In the records below, find the line with "Il cibo secco", then copy each line exactly until you have copied the line with "The moon has". Leave any picture out.

□ □ □ □ □

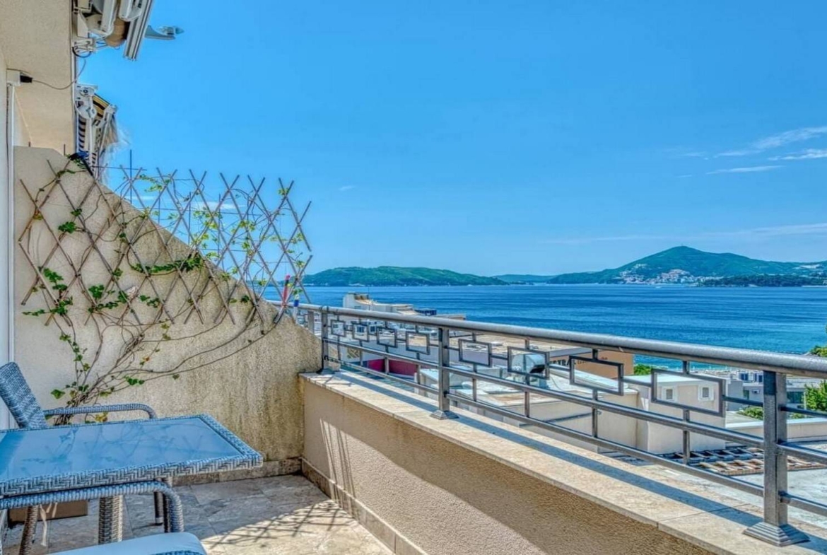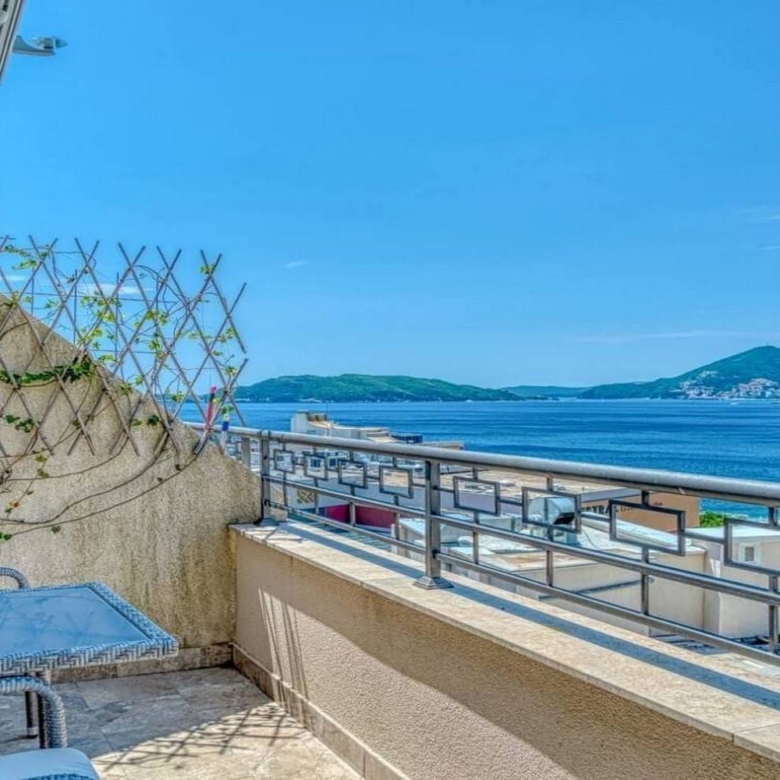 This four-bedroom apartment for sale is located in Pržno, in Budva municipality. Pržno is a small fishing place that joins together the spirit of the old with the modern glamour. The atmosphere of an authentic fishing place with the traditional way of fishing, an air spa – Miločer park full of pine, a 20-minute walk through a cedar forest to the Sveti Stefan, and famous fish restaurants, are just a few advantages of this place.The 112m² apartment is on the 4th floor of a building and is on two levels. On the first level (74m²) there is a large living room, a kitchen, two bedrooms, a bathroom, and a hallway. On the second level, there are two bedrooms and a bathroom. The apartment is fully furnished, with all the necessary appliances. Windows are wood-aluminum of Italian brand Profilati, with a mechanism for electronically raising blinds. There is underfloor heating in the bathrooms and the “Vileroy&Bosch” sanitation. The bathrooms and the terrace are covered with natural stone (marble). The apartment is airconditioned, with LG multi-split system with 5 internal units.There is a parking place in the garage, on the ground floor of the building, and an elevator from the garage to the apartment.This building has an excellent position and is centrally located in the Pržno, less than five minutes walk from the beach. Well positioned, this apartment is only 31km away from Tivat international airport and 59km from the airport in Podgorica, the capital of Montenegro.We believe that this property is perfect for your family and friends’ gatherings, during the whole year. If you are interested in a sea view apartment, feel free to contact us for more information.
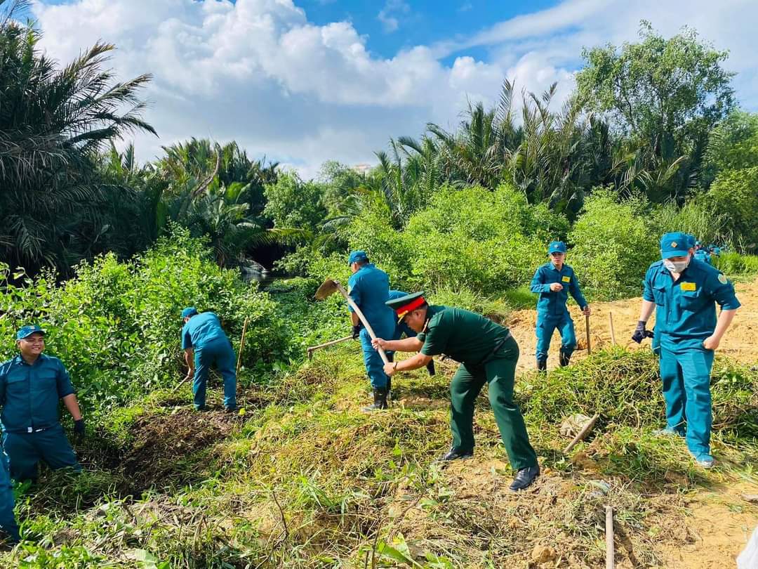 Lực lượng dân quân Ban CHQS Quận 7 dọn dẹp cảnh quan.
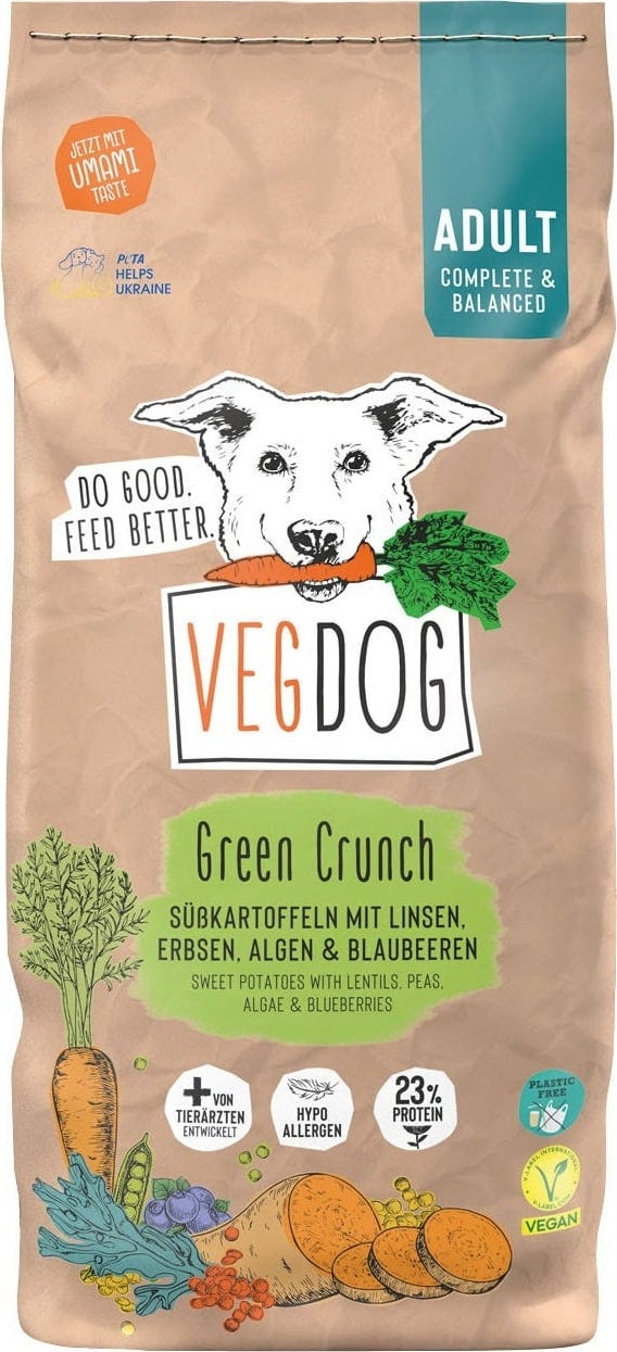 Il cibo secco vegano Green Crunch utilizza una fonte proteica vegetale da lenticchie e piselli invece di una fonte proteica animale. La ricetta preziosa e allo stesso tempo gustosa è raffinata con deliziose alghe ricche di acidi grassi omega-3 e omega-6, nonché patate dolci, zucca, carote, mirtilli e la speciale miscela minerale VEGDOG. Il mangime, accuratamente prodotto in Germania, non utilizza attrattivi, coloranti o conservanti.
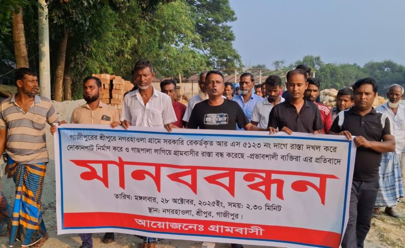 শ্রীপুরে শতবর্ষী সরকারি রাস্তা দখলের প্রতিবাদে এলাকাবাসীর মানববন্ধন
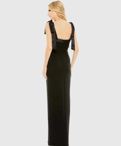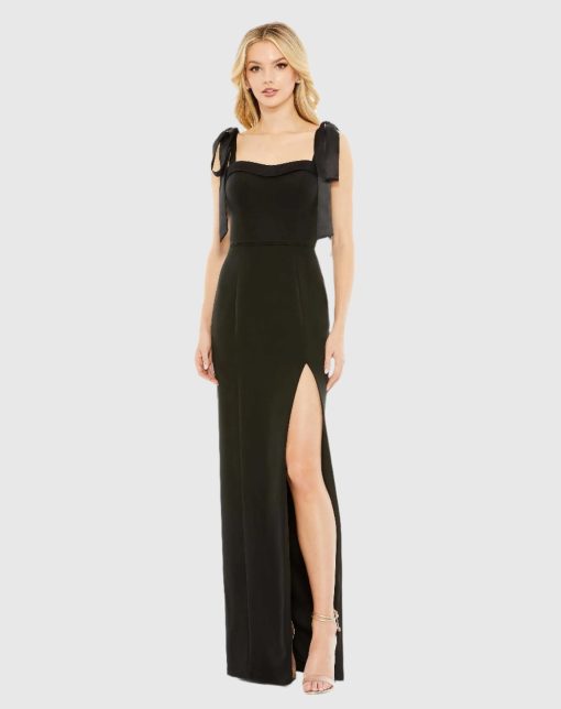 Mac Duggal Women’s Dresses Black Square Neck Tie Strap Slit Gown | Black
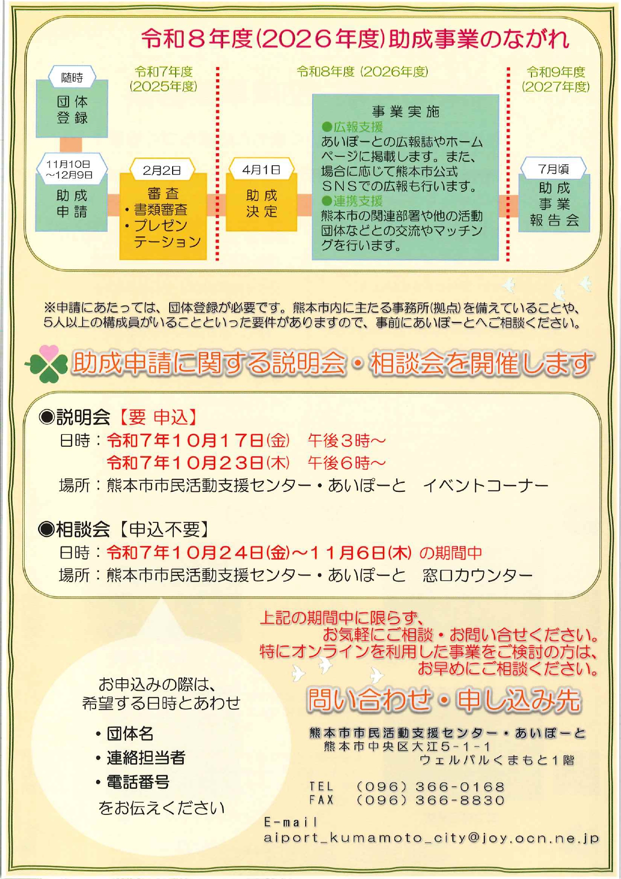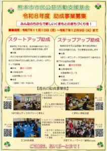 2025年10月3日 / 最終更新日 : 2025年10月3日 ipponWebMasterAdm お知らせ 熊本市市民公益活動支援基金令和8年度助成事業募集のお知らせ 熊本市から助成事業募集のお知らせです。是非ご覧ください。
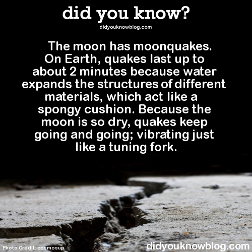 The moon has moonquakes. On Earth, quakes last up to about 2 minutes because water expands the structures of different materials, which act like a spongy cushion. Because the moon is so dry, quakes keep going and going; vibrating just like a tuning fork. Source
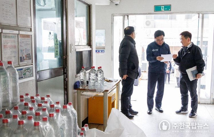 ㈜한국탑뉴스 송행임 기자 | 진교훈 서울 강서구청장이 11일 오후 단수로 불편을 겪고 있는 방화동의 한 아파트를 찾아 주민 피해 현황과 복구 진행 상황을 점검했다.
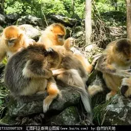 川金丝猴 金丝猴是典型的森林树栖动物,常年栖息于海拔1500~3300m的森林中。其植被类型和垂直分布带属亚热带山地常绿、落叶阔叶混交林、亚热带落叶阔叶林和常绿针叶林以及次生性的针阔叶混交林等四个植被类型,随着季节的变化,它们不向水平方向迁移,只在栖息的生境中作垂直移动。群栖生活,每个大的集群是按家族性的小集群为活动单位。每个小家族集群又由一强健的成年雄体为首领猴和3~5只雌猴及3岁以下的幼猴和哺乳的仔猴所组成。
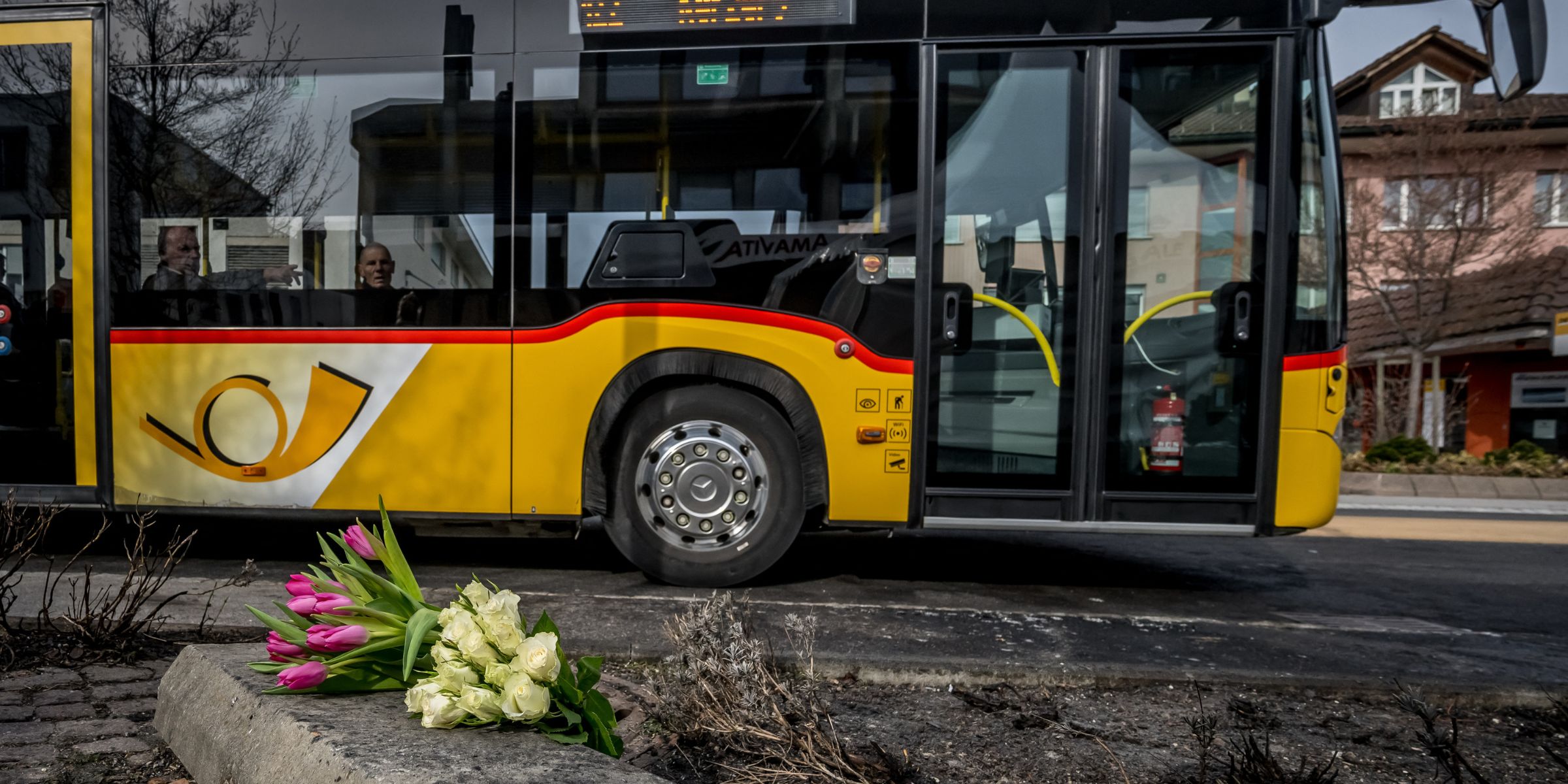 Ein Postbus fährt am 11. März 2026 in Kerzers in der Westschweiz an Blumen vorbei, einen Tag nachdem ein Bus desselben öffentlichen Unternehmens am 10. März 2026 in Brand geraten war. Dabei kamen mindestens sechs Menschen ums Leben und fünf weitere wurden verletzt. Nach Angaben der Polizei könnte es sich um eine vorsätzliche Tat handeln. | Quelle: Getty Images

□ □ □ □ □

§ REPLY TO THE TASK:
 Il cibo secco vegano Green Crunch utilizza una fonte proteica vegetale da lenticchie e piselli invece di una fonte proteica animale. La ricetta preziosa e allo stesso tempo gustosa è raffinata con deliziose alghe ricche di acidi grassi omega-3 e omega-6, nonché patate dolci, zucca, carote, mirtilli e la speciale miscela minerale VEGDOG. Il mangime, accuratamente prodotto in Germania, non utilizza attrattivi, coloranti o conservanti.
 শ্রীপুরে শতবর্ষী সরকারি রাস্তা দখলের প্রতিবাদে এলাকাবাসীর মানববন্ধন
 Mac Duggal Women’s Dresses Black Square Neck Tie Strap Slit Gown | Black
 2025年10月3日 / 最終更新日 : 2025年10月3日 ipponWebMasterAdm お知らせ 熊本市市民公益活動支援基金令和8年度助成事業募集のお知らせ 熊本市から助成事業募集のお知らせです。是非ご覧ください。
 The moon has moonquakes. On Earth, quakes last up to about 2 minutes because water expands the structures of different materials, which act like a spongy cushion. Because the moon is so dry, quakes keep going and going; vibrating just like a tuning fork. Source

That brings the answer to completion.